WORK INSTRUCTIONS.
Extract, exactly as written, the line that contains "根据《国务院关于修改〈建设项" and all lines after it through the end of the records. Omit pictures.

Records from a data collection.

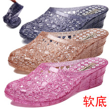 妈妈凉鞋夏季软底中老年防滑工作鞋坡跟中跟平底塑料奶奶女鞋外穿
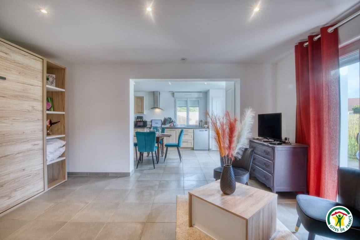 Einstöckiges Studio-Gîte mit sanftem Gefälle am Eingang und angepasster Türbreite:
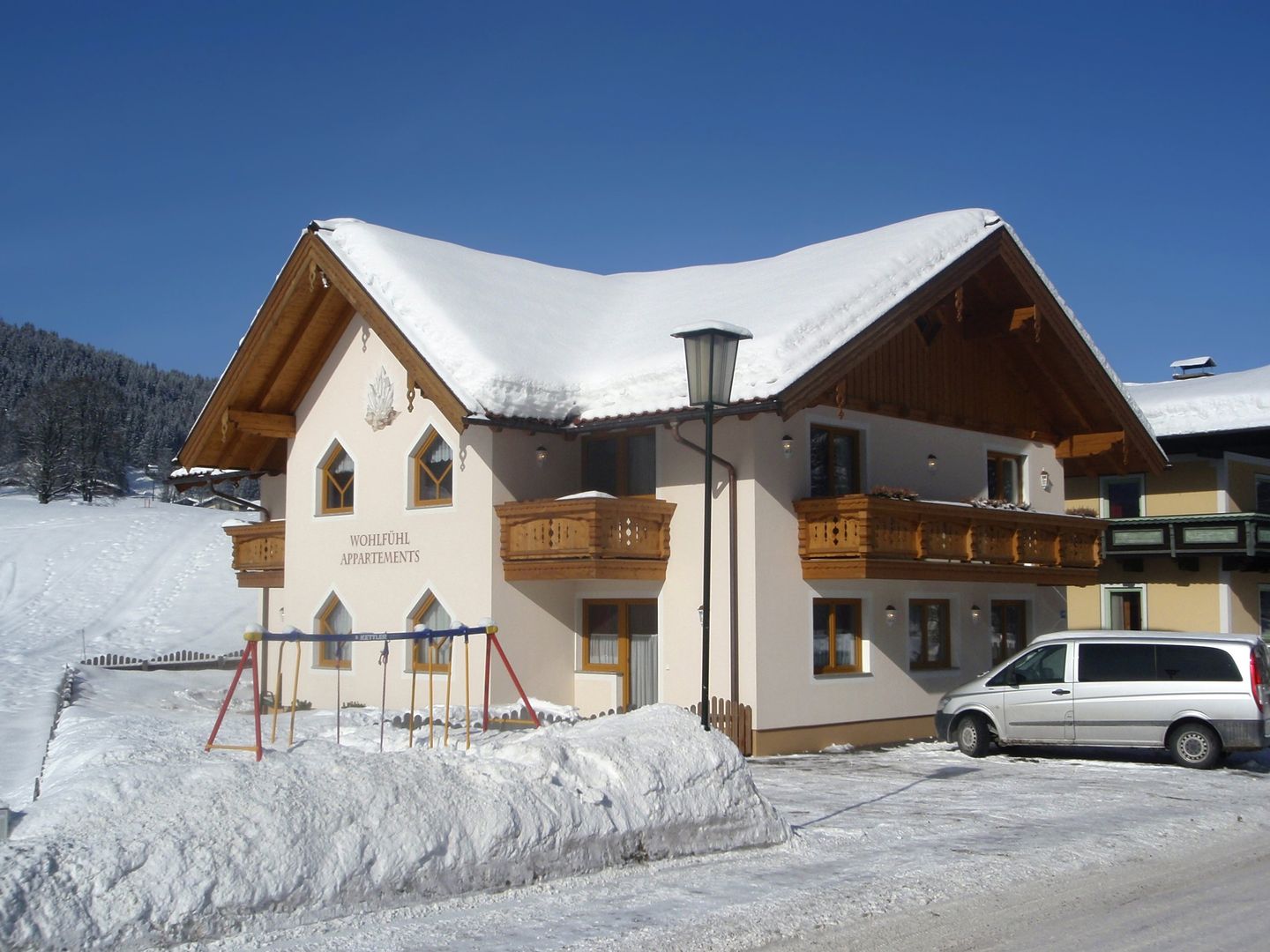 The quietly located house is about 700 m from the centre of Flachau and about 1 km from the Starjet ski lift in the Salzburger Sportwelt ski area. The ski bus stop and the entrance to the cross-country ski trail are right next to the accommodation. In good snow conditions, it is possible to ski down to the accommodation. Shopping facilities and restaurants are around 1.1 km away.
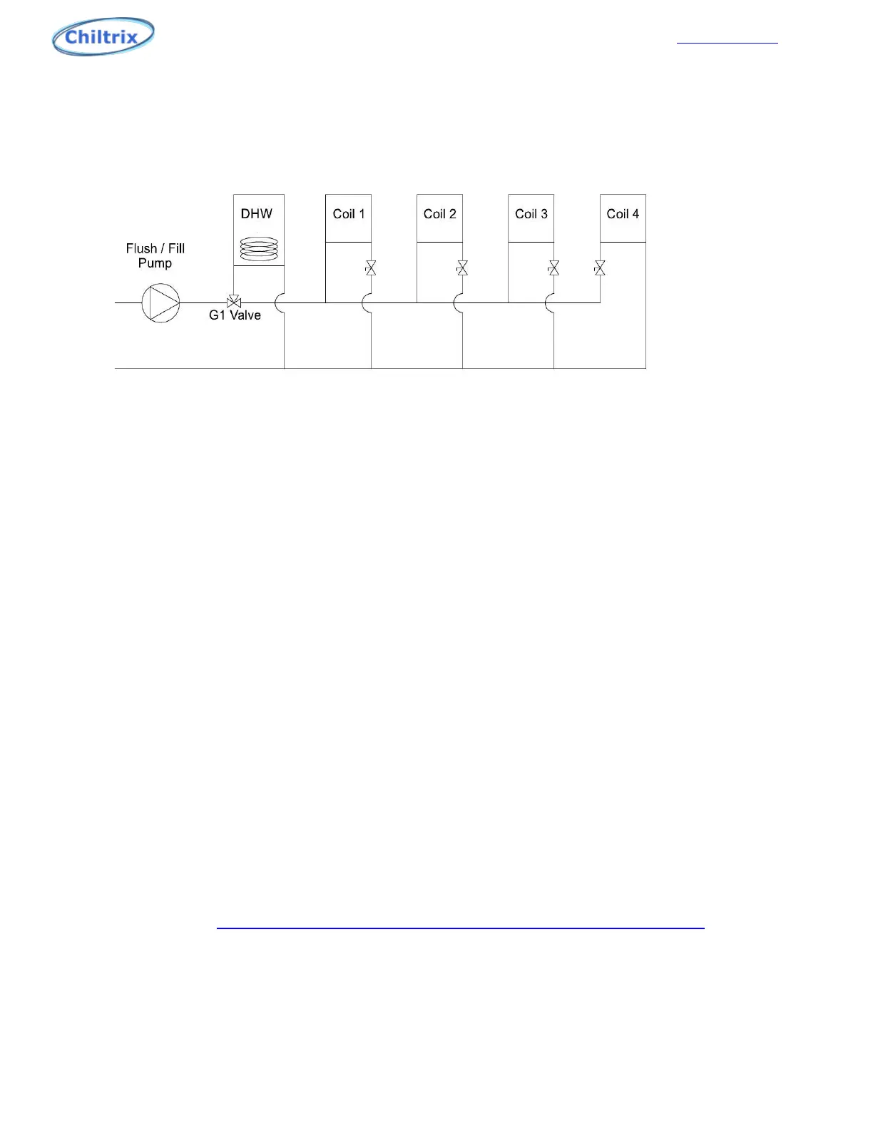 If a DHW tank is installed, it should be the first device on the loop as shown. The G1 valves should
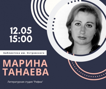 Друзья! Литературная студия «Рифма»приглашает 12 мая в 15 часов на встречу с поэтессой Мариной Танаевой.
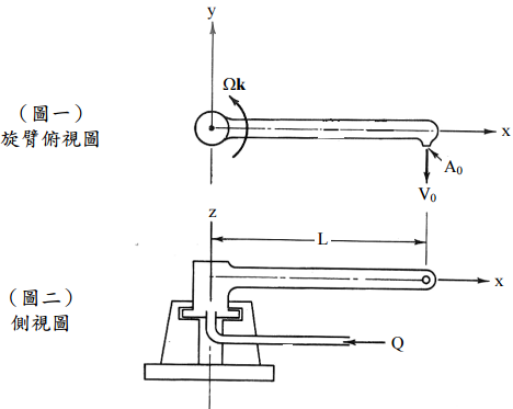 【已刪除】二、灑水噴頭裝置側視圖如圖二所示,圖一為其旋臂之俯視圖。xyz 座標為固定在地表 之座標。已知流量 Q 為定值,噴嘴面積 A
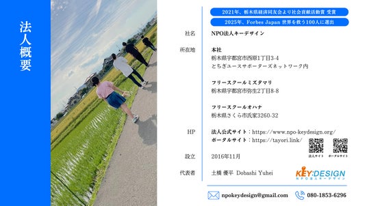 事業内容:フリースクール運営、訪問型支援、保護者向け相談事業、企業向け不登校離職防止プログラム、研修・啓発活動ほか
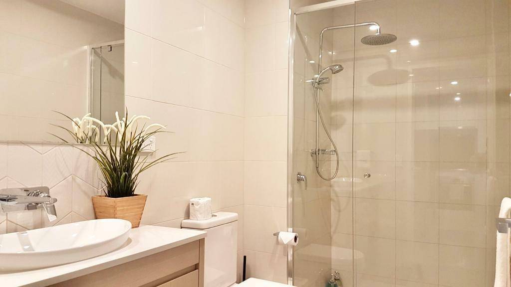 · Contemporary kitchen and bathroom adorned with pristine stone benchtops
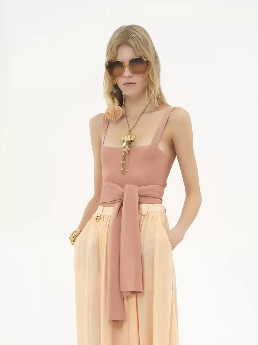 Cropped front-tie tank top in a second-skin shiny viscose knit, combining a square neckline with long ties knotted at the front. Chloé logo embroidery signs this piece on the left.
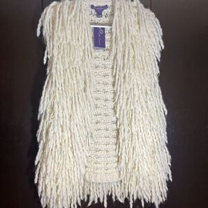 Ralph Lauren Ivory Hand Knit Wool Cashmere Shag Fringe Cardigan Vest
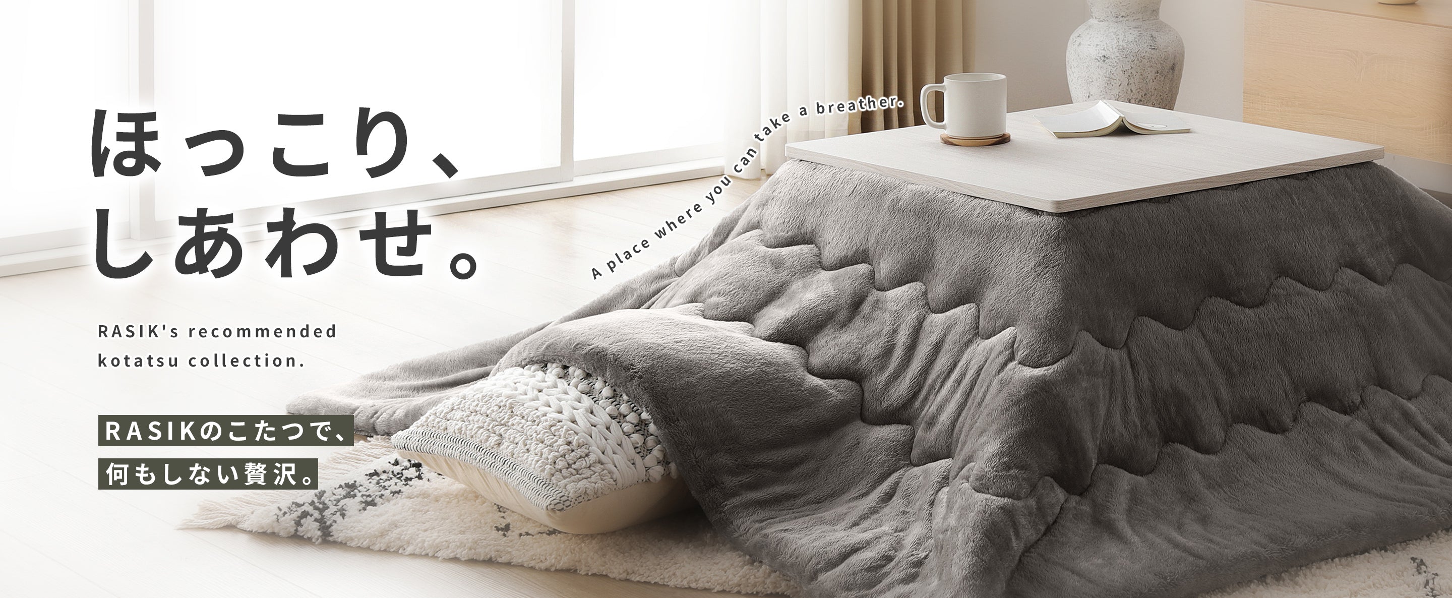フランネル こたつ掛け布団『toromofu トロモフ』2点セット(掛け布団・ラグ) 長方形 グレージュ
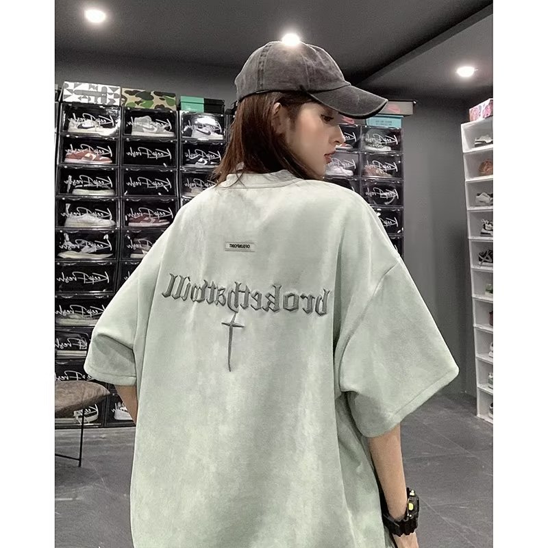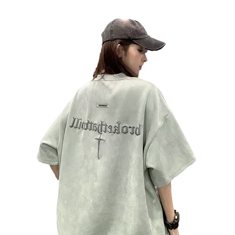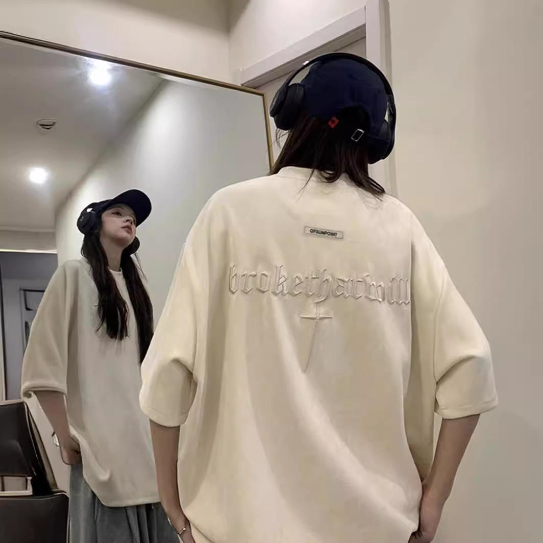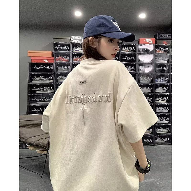 Главная страница > Футболка с короткими рукавами мужская летняя новая американская ретро улитка красивый вышивка тяжелый прилив свободного замшевого полурукава футболка
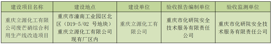 根据《国务院关于修改〈建设项目竣工环境保护管理条例〉的决定》(国务院令第682),以及生态环境部《关于发布<建设项目竣工环境保护验收暂行办法>的公告》(国环规环评[2017]4),现将“重庆立源化工有限公司废芒硝综合利用生产线改造项目”竣工环境保护验收公示如下:
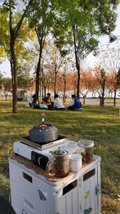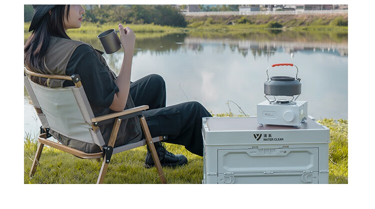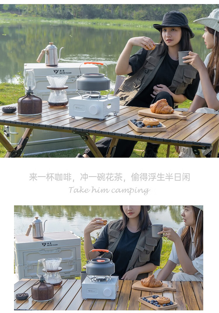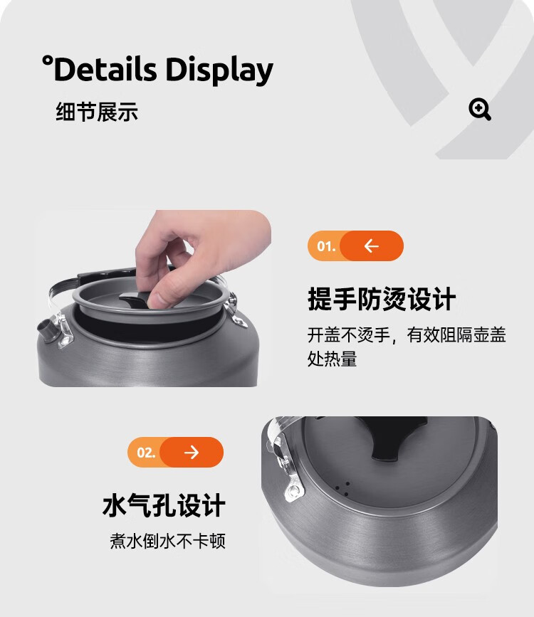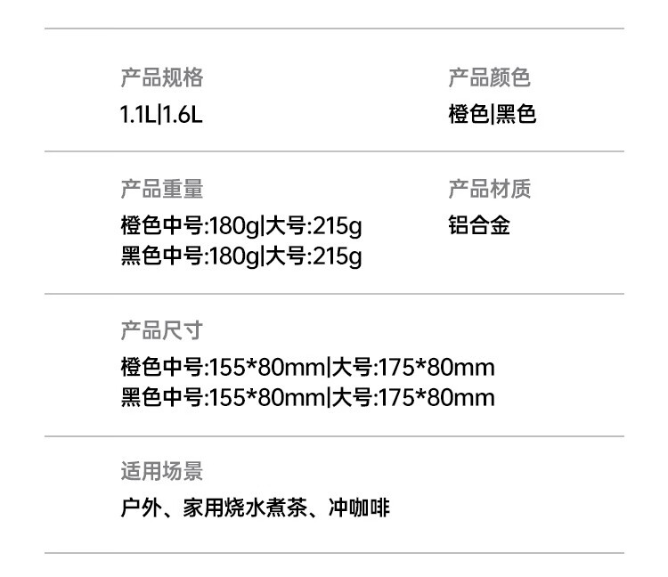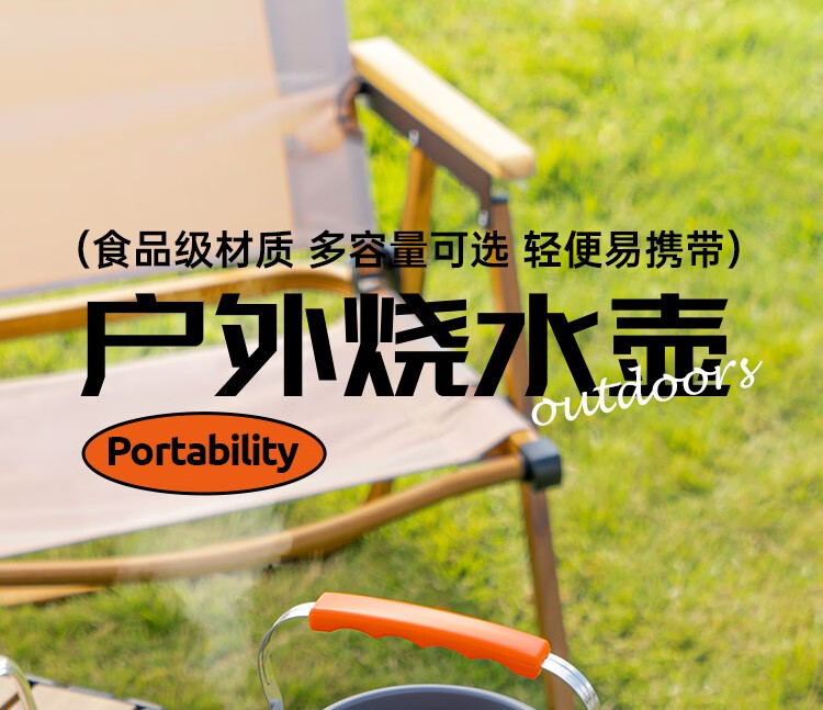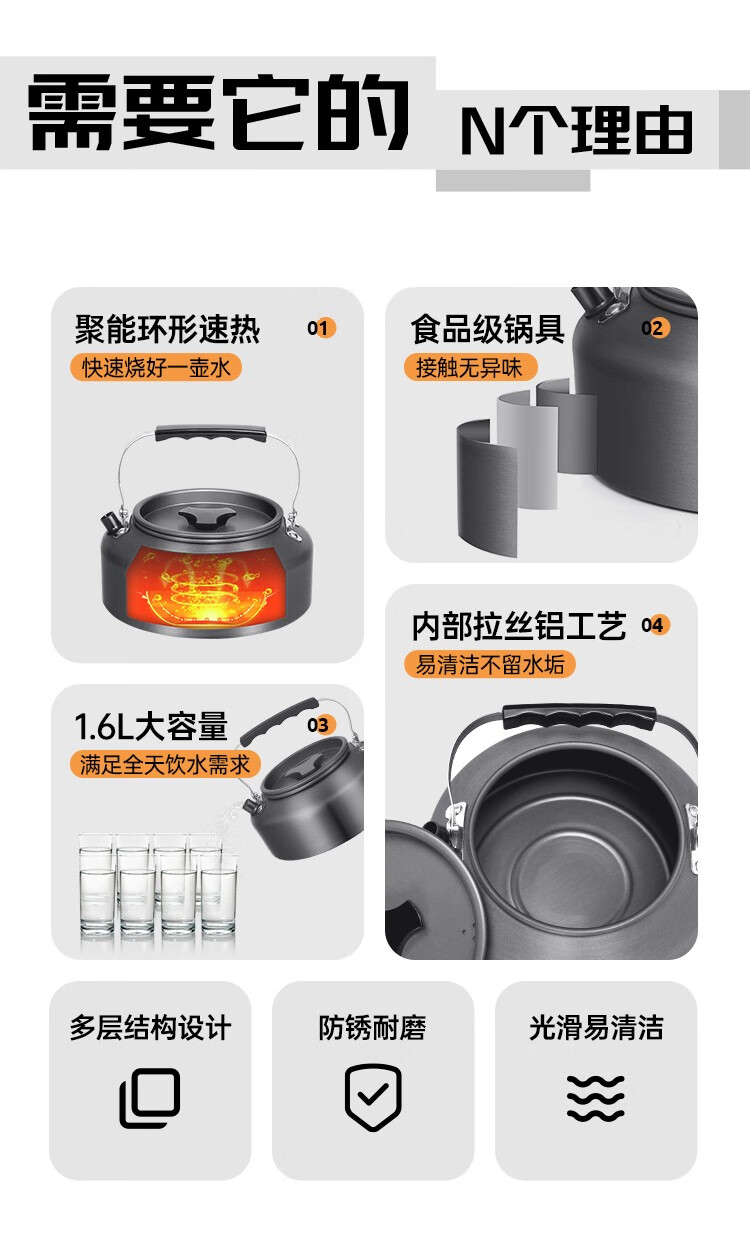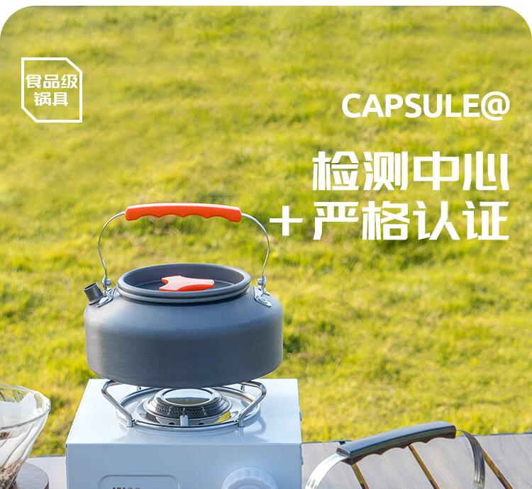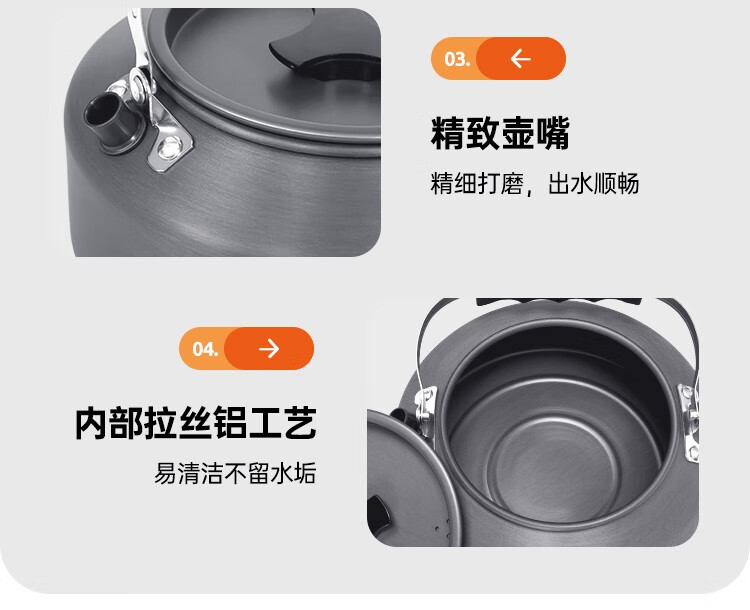 清系露营炊具户外锅水壶煎锅装备便携野外野营餐具锅具用品烧水壶 1.1L黑色

RESULT OF THIS EXERCISE.
 根据《国务院关于修改〈建设项目竣工环境保护管理条例〉的决定》(国务院令第682),以及生态环境部《关于发布<建设项目竣工环境保护验收暂行办法>的公告》(国环规环评[2017]4),现将“重庆立源化工有限公司废芒硝综合利用生产线改造项目”竣工环境保护验收公示如下:
 清系露营炊具户外锅水壶煎锅装备便携野外野营餐具锅具用品烧水壶 1.1L黑色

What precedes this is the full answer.